"Repeal and delay" or voucherize Medicare? GOP health care proposals get even worse

After years of empty "repeal and replace" promises, the GOP discovers that health care isn't a Paul Ryan bar graph

Published December 2, 2016 1:45PM (EST)

Paul Ryan                        (AP/John Minchillo)
Paul Ryan (AP/John Minchillo)

Now that it has total control of both the legislative and executive branches of the government, the Republican Party is finding out that making major health care policy is hard. Gone are the days of regular Obamacare repeal votes that would never be signed by the president, empty gestures that functioned as nothing more than vanity showboating for members to brag about to constituents. Now the GOP has to actually own the consequences of passing its legislative agenda and is discovering that doing so might be kind of a bummer.

To that end, the party has recently unveiled its newest catchphrase, “repeal and delay.” This means repealing the Affordable Care Act as soon as possible after Donald Trump is sworn in but not putting it into effect for three years. The delay gives the GOP time to write a replacement plan that will allegedly keep all the popular features of Obamacare while getting rid of the mechanisms that help pay for it — the individual mandate and slight tax increases from the original law among them.

It is a sign of the GOP’s cravenness and cynicism — as if anyone needed another one — that after seven years of constant calls to repeal the ACA and more than 60 meaningless repeal votes, Republicans still have not put together a viable replacement plan. About all they have is House Speaker Paul Ryan’s “A Better Way” agenda. This calls for Obamacare’s repeal but is purposefully vague beyond that, lest he be tied down by any concrete proposals that would diminish his reputation of being a smart wonk.

But one part of Ryan’s repeal plan has long been known to anyone who listened to him and that is the phasing out of Medicare. Ryan has tied ending Medicare to Obamacare repeal on the flat-out lie that the ACA’s Medicare component fatally weakened the program’s long-term fiscal viability.

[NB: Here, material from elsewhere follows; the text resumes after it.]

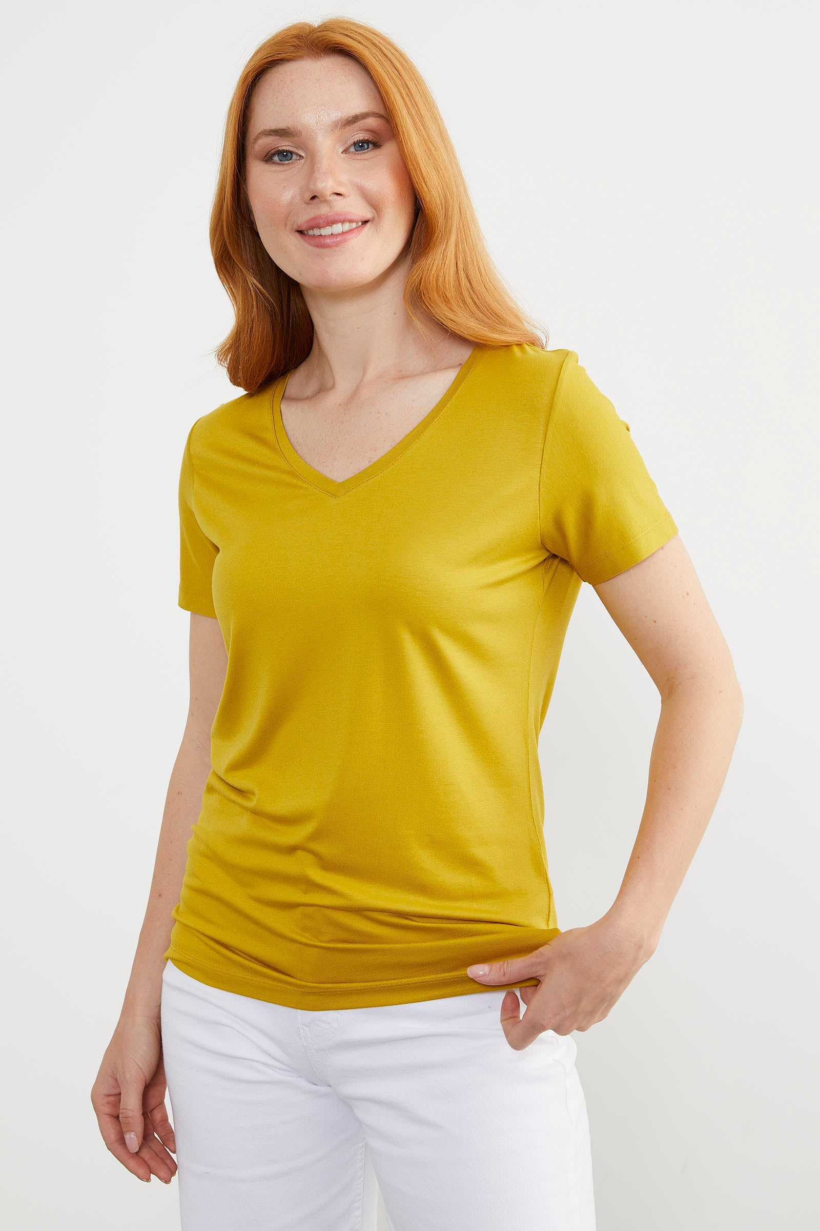 Yaz mevsiminde gardıroplarınızın kurtarıcı parçası; V yaka, kısa kollu, dökümlü ve rahat basic tişört.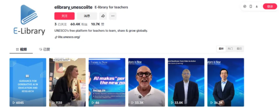 在推广方面,“教师电子图书馆”项目积极拓展社交媒体渠道,已陆续在TikTok、俄罗斯社交网络Vkontakte等建立官方账号,并建立官方论坛E-Tech。其中,TikTok账号上线仅五个月,便吸引了超过6万名粉丝,视频播放量突破100万次。由UNESCO IITE所长展涛发起的AI专家系列活动,围绕人工智能政策、工具及最佳实践制作系列短视频,吸引了不少全球年轻教育工作者的关注。

If Ryan has his way, Medicare will be replaced with vouchers that will let elderly people purchase private insurance. Any raises in the value of the vouchers from year to year won’t be pegged to inflation, which means that medical costs for older Americans will consume more and more of their limited income.

It is this aspect of Ryan’s plan that is causing friction with Republican senators, who want no part of ending Medicare. They are setting themselves up for an argument within the GOP between the Paul Ryan-Ayn Rand-fanfic wing, which would like to repeal the Great Society programs and the New Deal, and the slightly more sane and realistic wing, consisting mostly of senators like South Carolina's Lindsey Graham. The former won't want to compromise at all. The latter might seek a more sensible path largely because its members understand that destroying Medicare could cost them their Senate seats.

Hilariously, these same Republican senators are realizing that they will need to ask Democrats for help, even if they can keep Ryan's plan to voucherize Medicare out of the larger Obamacare repeal package. That's because although the Senate could probably pass an Obamacare repeal through reconciliation, a budget process that only requires a simple majority for passage, any new replacement plan will require a 60-vote supermajority to beat a Democratic filibuster.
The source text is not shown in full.